Saturday, June 22, 2013

Movie Review: The Words

We play fast and loose with the word "review" around here.  As with the Castle episode I wrote about, I will probably use multiple bullet points because I'm too enraged to deal with whole paragraphs.  Also, as with that episode, this contains spoilers.  Cross the River to read all about it.

Let's get a couple of things straight first:
  • I love Jeremy Irons.
  • I love Ben Barnes.
  • I did not love this movie.
I wanted to like this movie.  Really, I did.  As both a teacher and a writer, I was intrigued by the storyline (guy finds long-lost manuscript, publishes it as his own, hilarity ensues).  Yeah, except that's not exactly the storyline.  Not really.  Maybe a tiny bit, like one-third.  Dammit, I was told there would be no math!

In the long tradition of framed narratives (Wuthering Heights, The Princess Bride), The Words breaks down like this:
  • It's a movie about a man who wrote a book
    • about a man struggling to write a book who finds a long-lost manuscript
      • from a man struggling to write a book who writes a book about his life (see above:  "long-lost manuscript")
Confused, yet?  Too bad.  While trying to describe it in words is like a bad M.C. Escher painting, the movie itself is not confusing visually; it was never unclear (to me) which "frame" of the narrative we were watching.

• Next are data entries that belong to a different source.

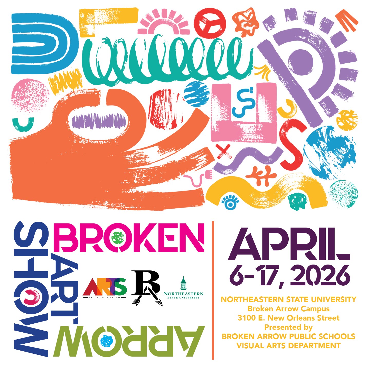 Our classes have been busy working on art projects to be displayed at the annual Broken Arrow art show, which will take place April 6-17 at NSU BA. See the flyer below and be sure to visit the art show! |
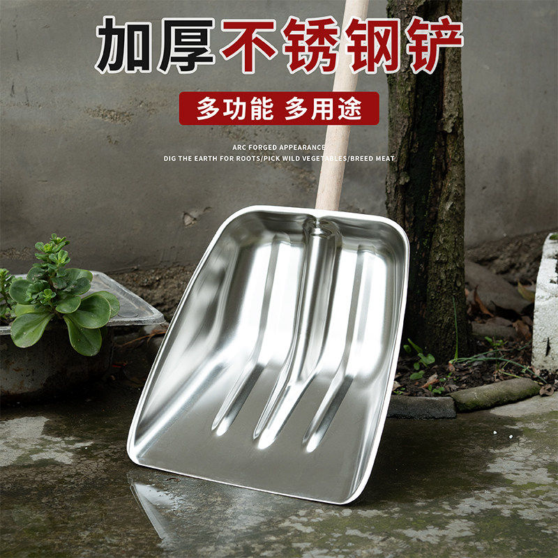 加厚不锈钢铁锹大锨头粮食铲子饲料铲子推雪锹大号清洁铲子 雪铲
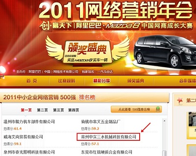 我公司被評(píng)為阿里巴巴2011網(wǎng)絡(luò)營(yíng)銷500強(qiáng)第22名
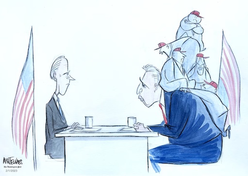 “There’s also a secret three-page addendum that McCarthy and his allies hashed out during several days of grueling negotiations with the House Freedom Caucus. This pact includes the most controversial concessions McCarthy made in order to become speaker – three seats on the Rules Committee for conservatives, freezing spending at FY2022 levels, a debt-ceiling strategy, coveted committee assignments and more. https://punchbowl.news/archive/1923-punchbowl-news-am/
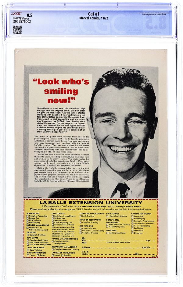 Mark Jeweler Advertisement Insert Variant. "Beware the Claws of the Cat!" Script by Linda Fite, pencils by Marie Severin, inks by Wally Wood. Wood cover (Severin pencils?). Cover price $0.20. Cover price $0.20.
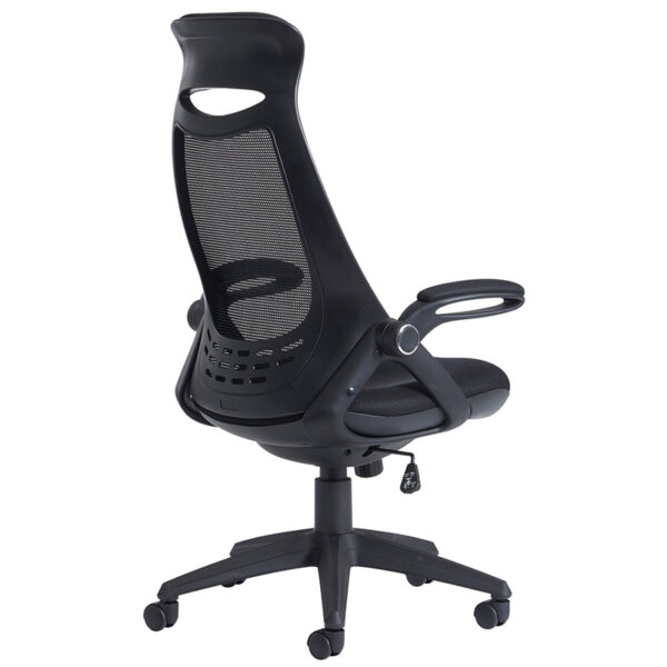 The Tuscan high back manager’s chair is designed with a distinctive contoured back and integrated headrest that naturally follows the shape of the spine, offering balanced support and comfort throughout the day. Upholstered in black faux leather or with a fully upholstered back and a choice of black or blue fabric seat, it combines generous cushioning with a sleek, modern pillow-style silhouette. The nylon five-star base with 50mm easy-glide castors ensures smooth mobility, while the headrest doubles as a convenient spot to hang coats or jackets. With gas lift height adjustment, weight tension control, and a standard tilt lock, Tuscan delivers both ergonomic function and executive style—perfectly suited to any managerial workspace.
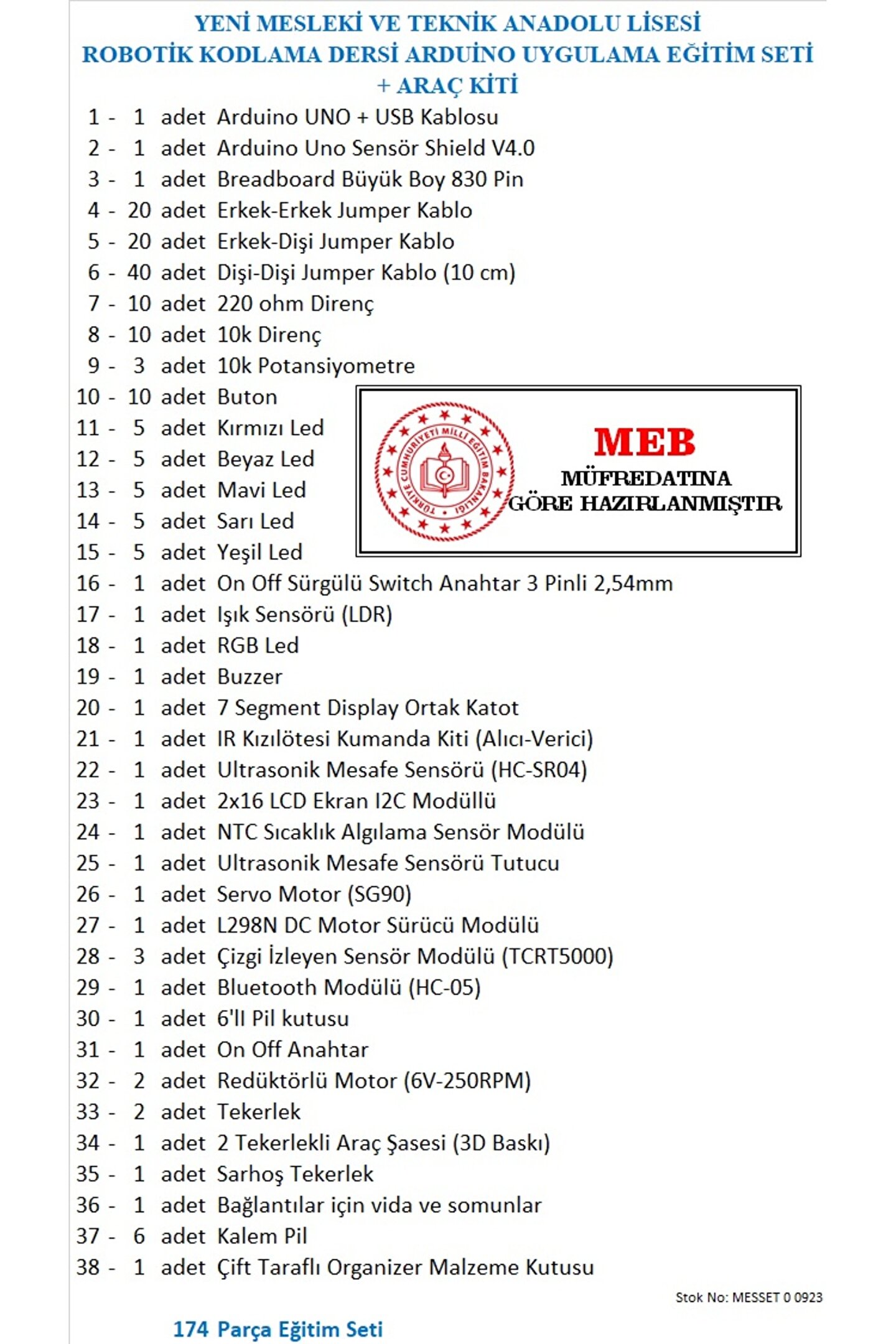 Bu set Milli Eğitim Bakanlığı'nın yayınladığı Mesleki ve Teknik Anadolu Lisesi Robotik Kodlama Dersi Müfredatına uygun olarak hazırlanmıştır.

The frames are not the problem (even though they're just a gimmick).  The problem is what happens in the frames.

"What happens in the frames??" you're asking, with all the intensity of Brad Pitt in Se7en.  Every fucking writing cliché and trite bit movie-and-novel dialogue, that's what happens.  Let's break it down bullet-point style:
  • Dad telling Son "that's what it means to be a man" (pardon me while I vomit)
  • Young artistic couple honeymooning in Paris (of course)
  • A cough indicating that a character is going to die in the next scene
  • A cry indicating that at character is going to die in the next scene
  • Writers struggling to write for years at a time (and they can only write at night "when the city is finally quiet")
  • Other writers "pouring out" their words in an unstoppable two-week stream (when did he eat?  or pee??)
All of the things in quotation marks are actual lines from the movie.  Hell, they should have just called the whole thing "What Not to Do in Your Book or Movie."

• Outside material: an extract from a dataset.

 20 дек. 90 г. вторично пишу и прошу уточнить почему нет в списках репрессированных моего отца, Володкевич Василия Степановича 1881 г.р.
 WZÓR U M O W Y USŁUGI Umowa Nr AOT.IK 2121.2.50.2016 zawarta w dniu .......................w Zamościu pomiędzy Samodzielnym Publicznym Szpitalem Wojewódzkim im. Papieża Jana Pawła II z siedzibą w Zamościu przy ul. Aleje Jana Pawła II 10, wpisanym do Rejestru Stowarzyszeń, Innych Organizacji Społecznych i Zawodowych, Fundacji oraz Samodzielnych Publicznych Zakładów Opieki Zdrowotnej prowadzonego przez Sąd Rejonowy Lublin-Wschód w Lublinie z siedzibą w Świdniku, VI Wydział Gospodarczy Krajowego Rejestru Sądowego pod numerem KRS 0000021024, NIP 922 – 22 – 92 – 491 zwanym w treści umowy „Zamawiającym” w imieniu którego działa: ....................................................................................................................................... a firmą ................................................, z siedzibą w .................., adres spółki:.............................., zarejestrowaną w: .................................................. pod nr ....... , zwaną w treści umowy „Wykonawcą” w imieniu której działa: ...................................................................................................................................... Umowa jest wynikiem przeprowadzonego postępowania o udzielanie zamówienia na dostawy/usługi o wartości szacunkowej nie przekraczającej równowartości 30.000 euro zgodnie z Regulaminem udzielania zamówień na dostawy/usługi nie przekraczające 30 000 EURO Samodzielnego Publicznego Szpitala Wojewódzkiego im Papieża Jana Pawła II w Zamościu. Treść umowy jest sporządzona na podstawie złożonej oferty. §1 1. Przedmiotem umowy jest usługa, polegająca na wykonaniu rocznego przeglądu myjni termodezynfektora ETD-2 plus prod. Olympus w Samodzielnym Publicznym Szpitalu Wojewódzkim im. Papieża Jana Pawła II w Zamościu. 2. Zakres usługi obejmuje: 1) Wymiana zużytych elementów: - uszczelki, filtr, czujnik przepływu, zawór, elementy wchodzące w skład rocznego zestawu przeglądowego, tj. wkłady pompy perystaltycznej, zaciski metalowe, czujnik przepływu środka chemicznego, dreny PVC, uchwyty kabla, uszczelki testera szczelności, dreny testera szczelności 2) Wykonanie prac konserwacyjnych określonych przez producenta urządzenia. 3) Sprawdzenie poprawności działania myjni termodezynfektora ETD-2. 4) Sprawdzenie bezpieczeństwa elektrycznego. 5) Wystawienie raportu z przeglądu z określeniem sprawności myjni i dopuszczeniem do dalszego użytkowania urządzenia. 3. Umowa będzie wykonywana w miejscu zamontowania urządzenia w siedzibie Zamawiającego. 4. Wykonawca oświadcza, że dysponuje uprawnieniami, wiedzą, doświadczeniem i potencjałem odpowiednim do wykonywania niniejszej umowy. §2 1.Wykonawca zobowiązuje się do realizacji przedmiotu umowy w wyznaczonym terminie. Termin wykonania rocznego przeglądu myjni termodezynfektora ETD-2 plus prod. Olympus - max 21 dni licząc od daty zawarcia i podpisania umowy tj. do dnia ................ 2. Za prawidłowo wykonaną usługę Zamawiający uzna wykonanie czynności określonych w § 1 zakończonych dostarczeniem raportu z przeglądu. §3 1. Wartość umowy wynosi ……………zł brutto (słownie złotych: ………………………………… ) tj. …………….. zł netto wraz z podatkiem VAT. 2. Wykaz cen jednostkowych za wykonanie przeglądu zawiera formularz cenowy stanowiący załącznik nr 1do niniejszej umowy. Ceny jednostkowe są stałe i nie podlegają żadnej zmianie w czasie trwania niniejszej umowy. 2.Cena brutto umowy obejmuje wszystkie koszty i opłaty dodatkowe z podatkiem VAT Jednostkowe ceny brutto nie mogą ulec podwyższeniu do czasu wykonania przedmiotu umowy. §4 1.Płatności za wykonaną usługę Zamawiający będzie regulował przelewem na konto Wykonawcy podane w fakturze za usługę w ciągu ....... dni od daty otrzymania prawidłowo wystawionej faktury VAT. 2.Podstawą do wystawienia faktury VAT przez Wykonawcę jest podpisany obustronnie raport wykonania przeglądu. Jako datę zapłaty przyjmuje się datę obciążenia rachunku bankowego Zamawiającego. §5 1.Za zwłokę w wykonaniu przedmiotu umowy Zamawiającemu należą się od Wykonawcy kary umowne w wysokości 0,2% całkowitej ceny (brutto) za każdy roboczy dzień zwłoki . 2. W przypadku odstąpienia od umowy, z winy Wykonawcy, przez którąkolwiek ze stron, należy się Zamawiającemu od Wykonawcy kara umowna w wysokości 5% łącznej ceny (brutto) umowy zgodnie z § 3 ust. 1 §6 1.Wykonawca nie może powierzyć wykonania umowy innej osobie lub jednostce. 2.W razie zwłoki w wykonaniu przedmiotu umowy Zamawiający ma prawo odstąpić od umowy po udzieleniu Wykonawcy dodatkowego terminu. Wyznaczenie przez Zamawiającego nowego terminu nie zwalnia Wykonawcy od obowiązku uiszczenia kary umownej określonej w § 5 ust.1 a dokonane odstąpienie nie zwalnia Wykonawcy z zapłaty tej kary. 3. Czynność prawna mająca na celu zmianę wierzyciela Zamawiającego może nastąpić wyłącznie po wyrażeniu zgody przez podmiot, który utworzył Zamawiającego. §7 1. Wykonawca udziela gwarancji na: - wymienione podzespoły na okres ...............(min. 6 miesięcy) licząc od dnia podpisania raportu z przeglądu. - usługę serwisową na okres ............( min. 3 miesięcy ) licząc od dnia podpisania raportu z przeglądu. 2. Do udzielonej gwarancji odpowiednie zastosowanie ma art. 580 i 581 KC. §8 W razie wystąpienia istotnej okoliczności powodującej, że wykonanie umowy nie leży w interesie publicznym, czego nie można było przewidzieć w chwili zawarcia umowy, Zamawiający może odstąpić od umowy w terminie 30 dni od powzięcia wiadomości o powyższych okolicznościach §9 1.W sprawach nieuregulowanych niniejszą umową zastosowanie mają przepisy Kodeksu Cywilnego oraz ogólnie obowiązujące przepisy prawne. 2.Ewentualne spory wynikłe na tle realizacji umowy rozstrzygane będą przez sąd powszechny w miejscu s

I think it's the book part that makes it all so bad.  As we move through the different frames, one of the authors is often "narrating" his book (voice over), so he's reading to you these trite pieces of tripe (see what I did there?) that he has supposedly published, so even the description of these pat events is stereotypical and bland.  Oh, and yes, it's always a he.  All of the writers are he's; the women are relegated to being vaguely muse-like sex objects with tinges of selfishness.

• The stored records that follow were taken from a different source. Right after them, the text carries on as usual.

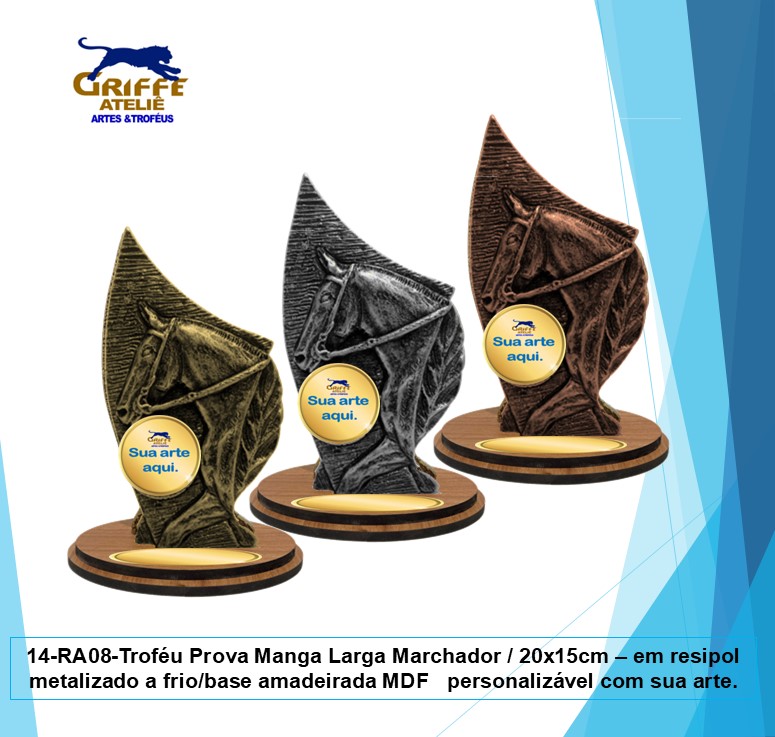 14-RA08-Troféu Prova Manga Larga Marchador / 20x15cm – em resipol metalizado a frio/base amadeirada MDF personalizável com sua arte.
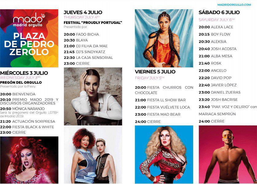 El miércoles 3 de julio la Plaza de Pedro Zerolo acogerá a la artista Mónica Naranjo, presente en la rueda de prensa, encargada del tradicional pregón, que abrirá los días grandes de estas fiestas. La celebración y reivindicación se materializarán el sábado 6 de julio, fecha de la Manifestación estatal del Orgullo, con el mismo recorrido que el año pasado, saldrá desde Atocha hasta la plaza de Colón, bajo el lema “Mayores Sin Armarios: ¡Historia, Lucha y Memoria!”. Por una ley LGTBI estatal».
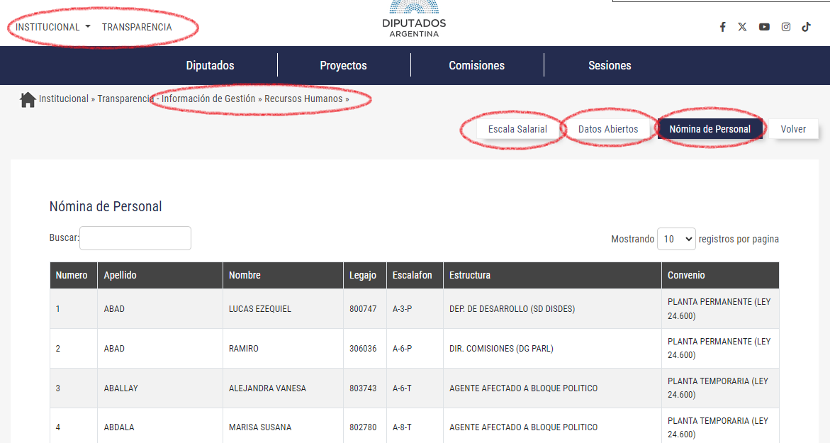 2. Las dos cámaras legislativas de la Nación, tanto el Senado como Diputados, hacen públicos sus registros de empleados. En la web de la Cámara de Diputados de la Nación, en el Menú Institucional/Transparencia/Información de Gestión/Recursos Humanos, se encuentra nómina de personal, escala salarial, composición del personal de la Cámara por género y por franja etaria, un verdadero adelanto. Así es público por ejemplo que de la Cámara baja nacional dependen 4.551 personas. Pero esto quiere decir que están los nombre, los números de legajo, bajo qué modalidad laboral y si dependen de algún legislador. La última actualización es de septiembre.
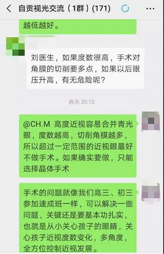 为了更好的服务于近视患者,刘江医生还创立了“刘江视光”公众号、“刘医生视光”微信号、“自贡视光交流”微信群,定期在微信群中和大家交流近视眼相关话题,解答疑惑。
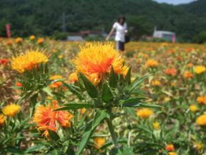 高瀬駅から約20分。本日のメイン、山形紅花まつり会場の高瀬紅花ふれあいセンターへ。初日とあって、たくさんのお客様がいらっしゃいました。こんなに暑いのに…
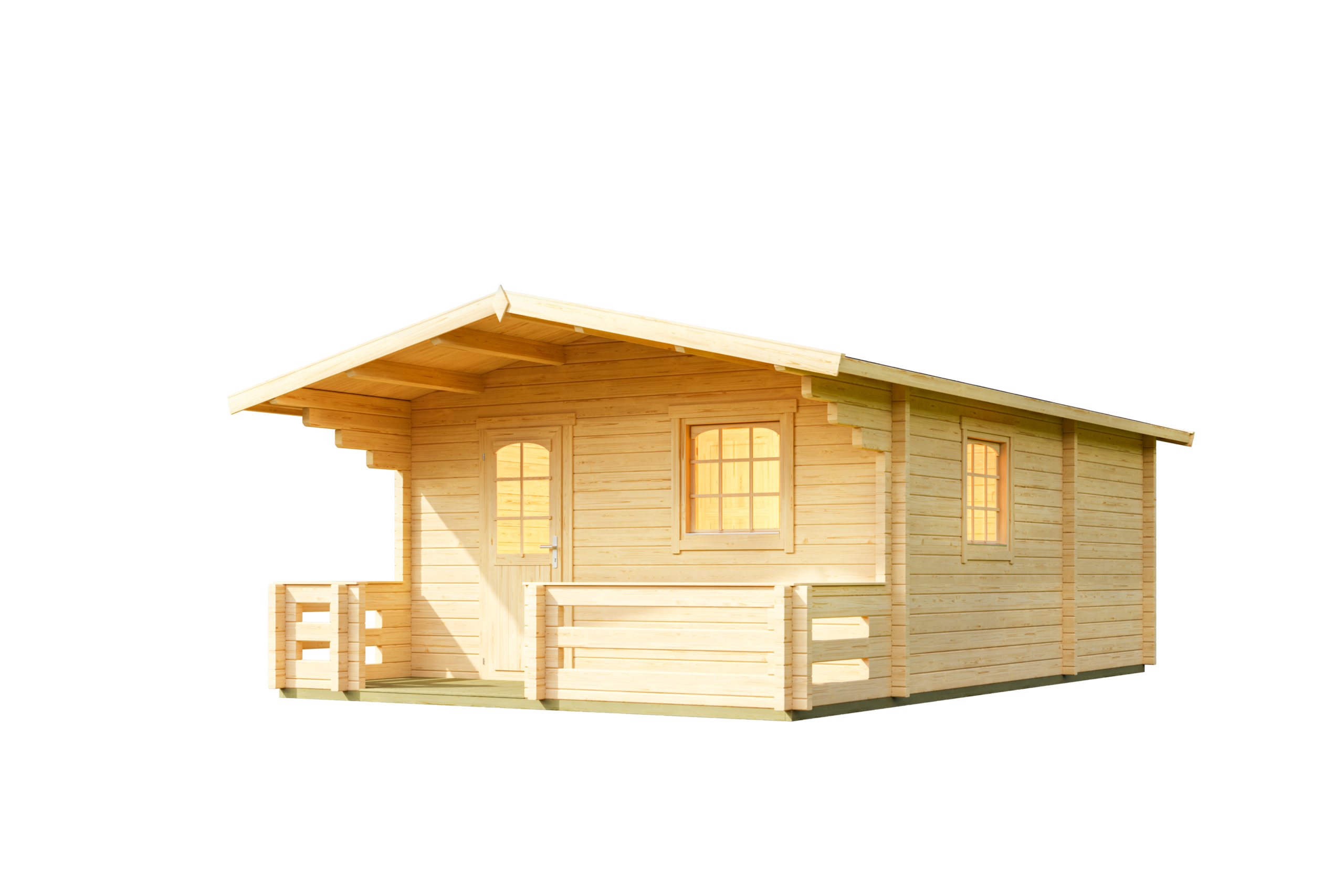 Ferienhaus mit Terrasse und Geländer 70 mm, Fundamentmass 4200×5400, Naturbelassen

While we're on the subject, let's talk about the women for a minute.  Zoe Saldana's character has some of the worst, most selfish lines.  As her struggling-writer husband is having one of his many existential crises, she always comes back with "How is that supposed to make me feel?" and "Did you even think about me while you were doing that?"  I'm not paraphrasing; those are actual pieces of dialogue.  When she's not trying to bring every conversation back to herself, her character is used for various sex/love scenes with struggling-writer-husband, scenes in garages and tiny kitchens which had a very "pottery wheel scene in Ghost" feel about them.

Then there's the French wife, wife of the third-frame husband.  Since she's French, she doesn't say much to us.  She doesn't even get the benefit of being a selfish wife; she's solely used for sex/love scenes which parallel Zoe Saldana's and Bradley Cooper's sex/love scenes in a move that is supposed to be clever, but just comes across at best as cheesy and, at worst, utterly predictable and cliched.

Then there's Olivia Wilde.  Oh, Olivia Wilde.  How can anyone not love you?  Unfortunately, this script did you no favors.  She's an author "groupie," stalking Dennis Quaid.  Dennis Quaid's outer frame serves no real purpose in this film, so his storyline is isn't really a storyline, but just some expository details that Olivia Wilde spits out to prove that she "knows" him.  At the end, Dennis Quaid is too wrapped up in his own story and engrossed with his own fiction that he (are you ready for this??) turns down sex with Olivia Wilde.

What the fuck kind of movie is this???

Sure it has some good lines, like Jeremy Irons talking about living with pain, or the story he wrote which "some little shit found and published."  Dennis Quaid has his own weak epiphany towards the end when he says, "At some point, you have to choose between life and fiction. The two are very close, but they never actually touch."  Sorry, Dennis.  Normally, I will pick fiction every time, but this movie proved me wrong.  If our choices are life or this "fiction" piece of layered crap, I will pick real life.  At least my own dialogue doesn't suck as much as this waste of a movie.